So the first step is obviously going to be working out which of the six of us need to tell my parents what cup stacking is and how it's more appropriate for them since they are officially elderly.  I'm nominating my older brother because he's the oldest and it's his job.  Suck it up Bro.

The second step is going to be coaxing my big brother out from under the duvet about a week after they tell him what they think of his cup stacking idea.

And your point about brass cleaning is what Mum?
The third step is to work out why they are so resistant to care.  I mean they're elderly now, they've clearly got to be taken care of before they spend our inheritance on all this fabulous jaunting.  And brass cleaning is an excellent way of keeping finger dexterity.

Step four will be admonishing my father for demonstrating his finger dexterity by flipping the finger.  I do not think swearing in sign language is acceptable elderly behaviour.

Step five will involve all of us ringing each other to discuss our differing view points on why our elderly parents are being so uncooperative about our commitment to their well being.  Will probably send in the little sister to explain to them how they could be better at being elderly as she's generally deemed the sensible one and the parentals will at least let her finish her pitch.

Step six will be to send flowers to the little sister to say thanks and we're very sorry that she's been disowned.

Step seven will be to curtail their social activities.  No more volunteering, catching up with friends, motorcycling, going to the football, exercise classes, overseas travel, technology, girls nights out.  I suspect the quickest way to do this is to print obituaries in the local paper so people stop calling and inviting them places.

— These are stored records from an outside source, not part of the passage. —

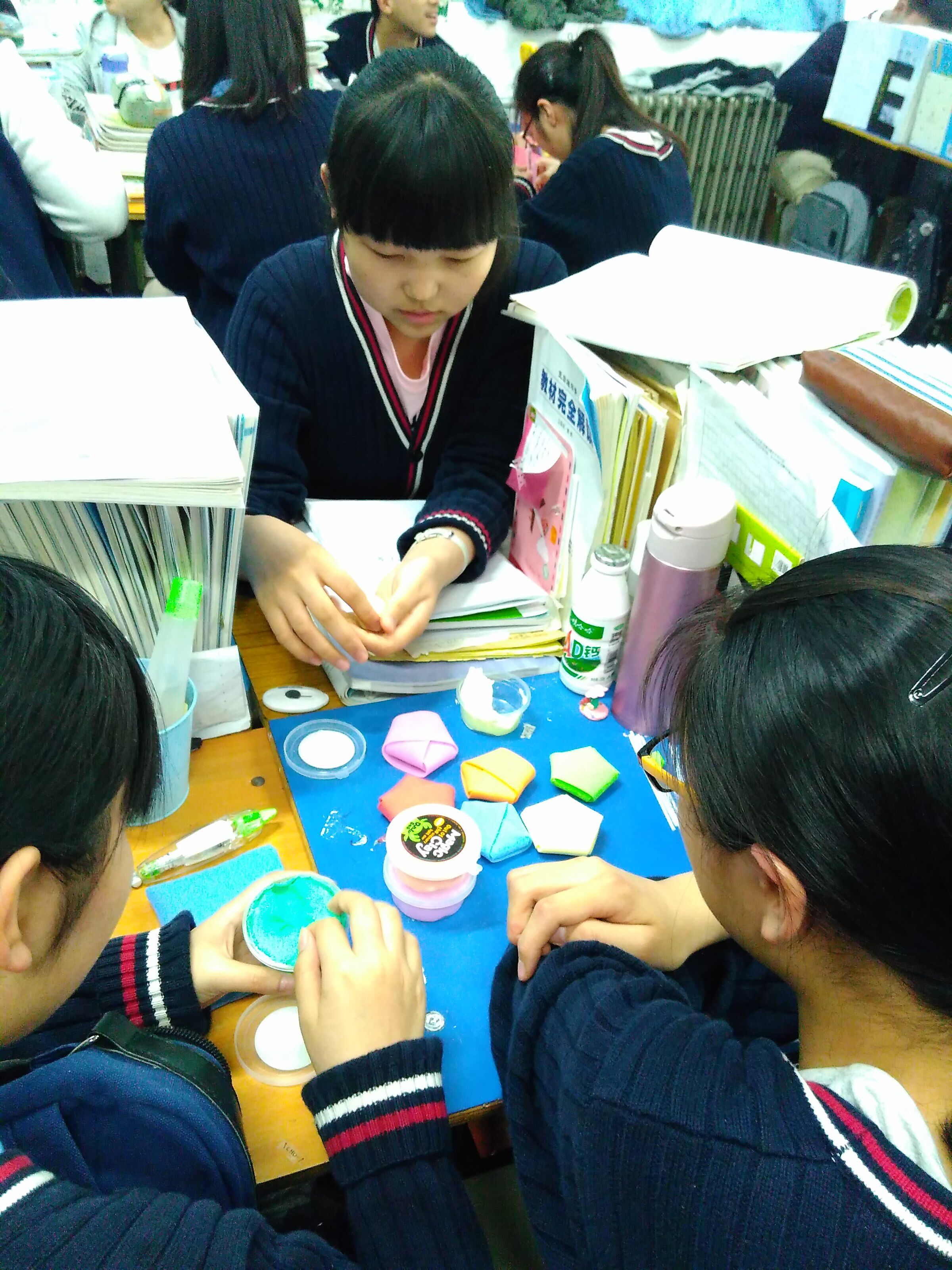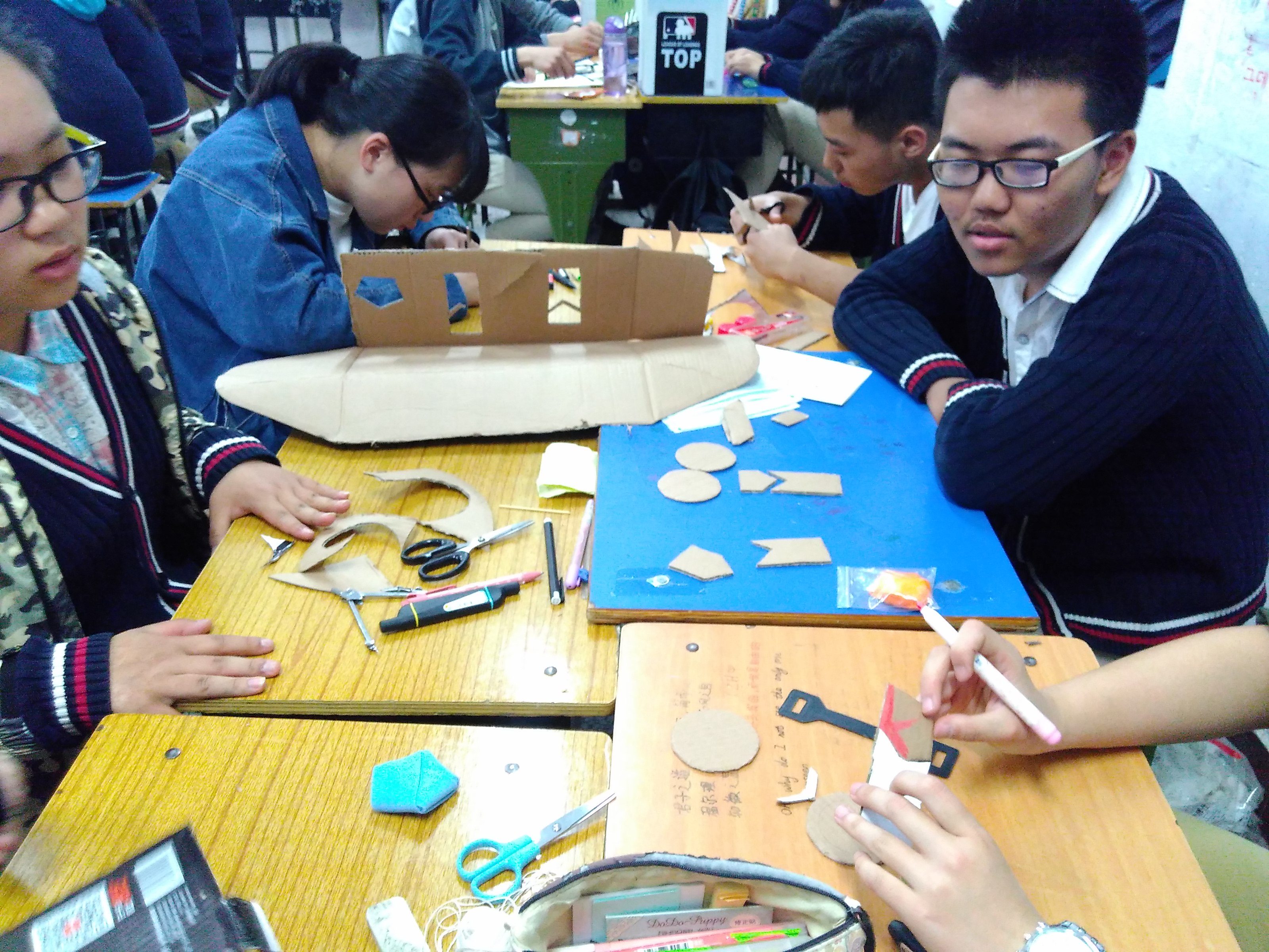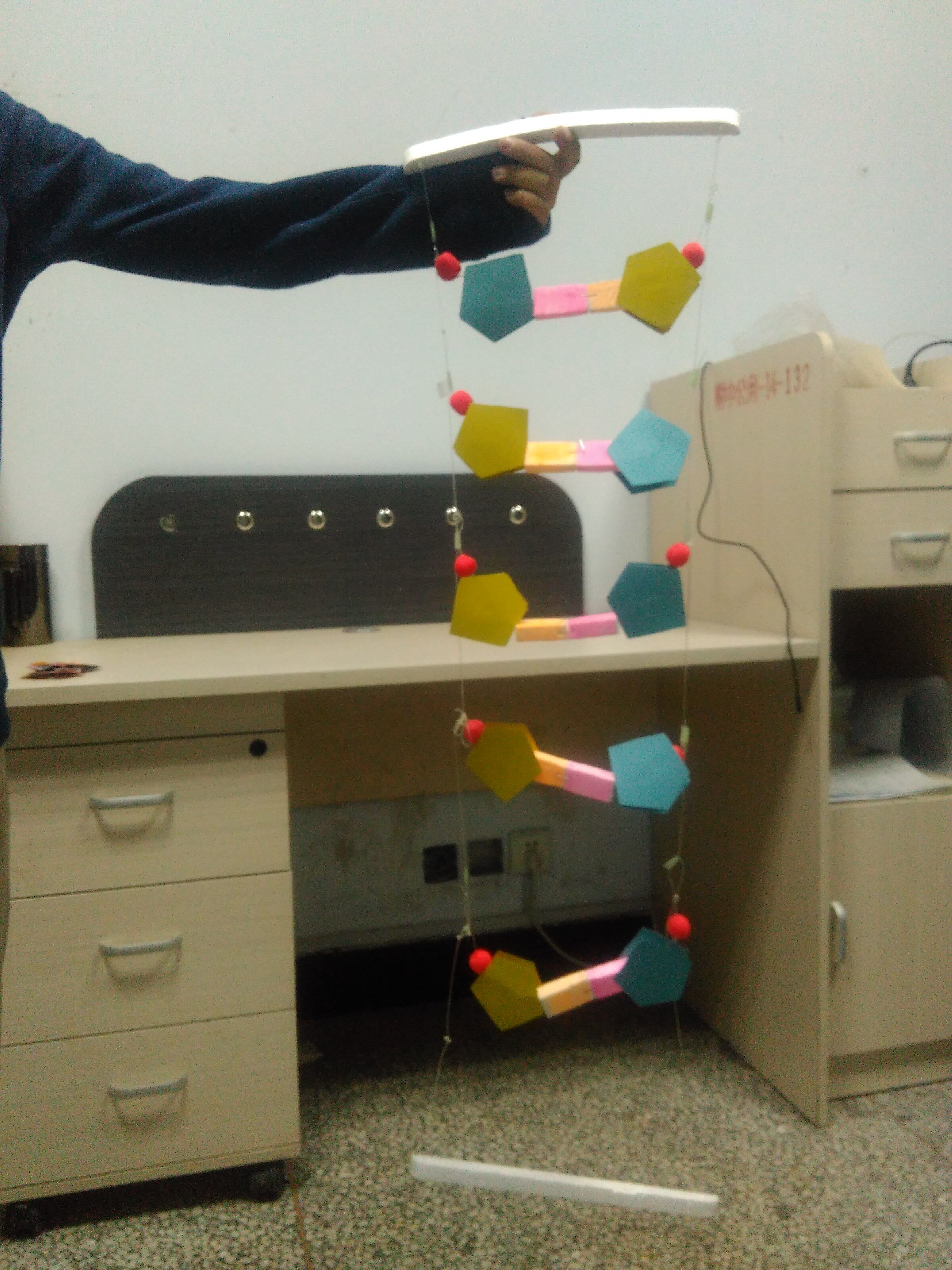 作为国际部主题教学系列活动的一部分,在与学生共同学习高一年级生物学科“DNA分子的结构”一课后,为了让国际部学生更好地理解DNA分子结构,生物组李帅老师利用自习课时间,组织、指导学生亲手制作DNA分子模型。此次动手实践活动,既激发了学生的学习兴趣,又加深了学生对所学知识的理解,有利于进一步提高学生的动手实践能力和团队协作能力。国际部高一年级学生有着丰富的创造力以及较强的动手能力,在制作DNA分子模型的过程中,同学们兴致高昂,全心投入,富有创造力地在制作实践过程中对所学知识进行迁移,把书本知识转变为实践技能。 DNA分子是由脱氧核苷酸组成的反向平行的双链结构,其中脱氧核苷酸分子由磷酸、脱氧核糖和碱基按照一定结构和次序组成。学生在制作时,深入思考如何将这三种分子连接成脱氧核苷酸、脱氧核苷酸及如何形成长链等一系列问题,无形中加深了对DNA结构的理解。 制作过程中,同学们以组为单位进行分工合作,每5-6名学生分为一组,选材、制作、分工均由各小组自主安排。在动手制作前,同学们认真对照课本观察DNA的结构,然后组内同学进行进行分工,利用本组提前准备的材料制作不同的小分子,利用集体智慧思考、探讨如何将这些小分子稳固连接等问题。着手制作后,有些小组充分考虑到环保节约的需要,充分进行废物利用,以废弃的纸箱或者泡沫板为主要实验材料进行制作;有些小组则利用橡皮泥或者彩色卡纸进行制作。在制作过程的各个环节,同学们热情高涨、积极合作,在学会知识的同时也发挥了团队的智慧和力量,充分认识了合理的分工与合作对整个团队的重要意义。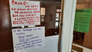 Vecinos que habitan en uno de los edificios más populoso del centro despidieron con carteles al guardia quien falleció tras contagiarse coronavirus. El fin de semana colgaron mensajes cariñosos en los que destacaron todas sus virtudes: era un hombre respetuoso que supo cumplir su trabajo con amabilidad y eficacia.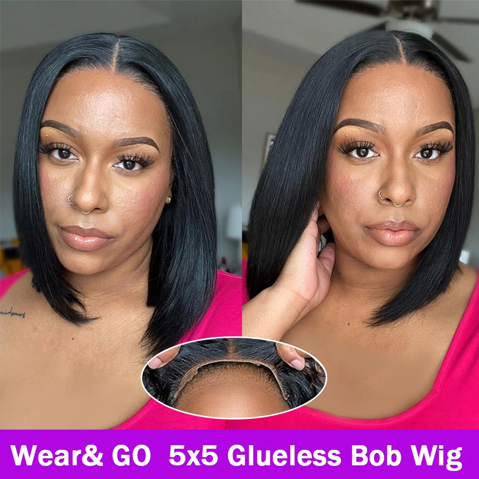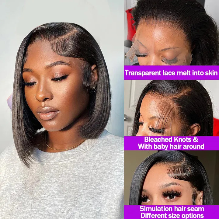 Straight Short Bob 5x5 Glueless Human Hair Wig with 13x4 Lace Front Pre Plucked
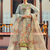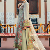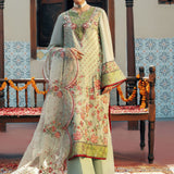 Step into timeless grace with our sage green chiffon long shirt, adorned with intricate multicolor embroidery and embellished with delicate pearls and tassel details along the neckline. Paired with a scalloped organza dupatta, richly embroidered to enhance its beauty, and classic PK raw silk pants, this ensemble captures a perfect blend of elegance and sophistication. Ideal for weddings and festive gatherings, "Sage Elegance" exudes refined charm, celebrating Jamni€™s commitment to luxury and tradition.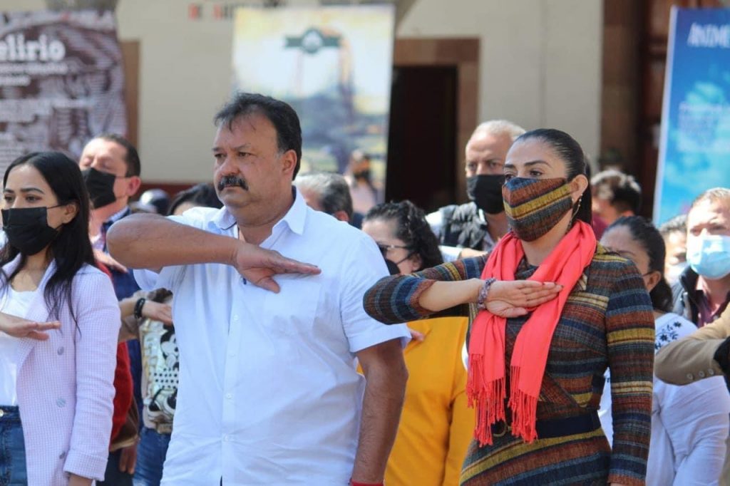 Pátzcuaro, Michoacán a 04 de noviembre del 2021.- El día de ayer el ayuntamiento de Pátzcuaro, encabezado por el alcalde Julio Alberto Arreola Vázquez realizó un acto conmemorativo por el Día de Luto Estatal y Conmemoración por las Mujeres Víctimas de Feminicidios, mismo que se efectúo a fuera de Palacio de Gobierno, lugar donde se izó la bandera de México a media hasta en memoria de las que ya no están.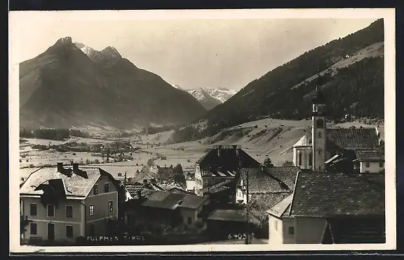 AK Fulpmes in T., Ortspartie aus der Vogelschau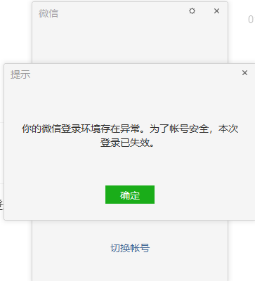 你好,提示“登录环境异常,本次登录失效,请重新登录”的问题,重新扫码登录即可,出现该提示一般是由于微信帐号被其它用户投诉导致(如:涉嫌频繁发送营销类广告骚扰信息等,请遵守微信使用规则,并规范个人行为,谢谢!)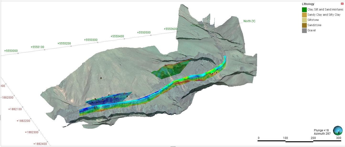 Geophysics data interpreted with leading software Leapfrog against the digital terrain model including the road alignment, revealed areas with soft (blue)

Step eight will be to write an open letter to be printed on the front page of the local paper apologising for not inviting people to the funerals my parents never had.  Who would have thought so many people get upset about not knowing about funerals.

Step nine will be to let him continue being crap at being elderly.  Sometimes you just have to let people learn things for themselves and if they are going to insist on living full and enriching lives they will only have themselves to blame in twenty years.

(inappropriate elderly people who will make your day)
And to be completely fair to them, cup stacking is extremely boring. What about you?  Are your parents hard to bring up properly too?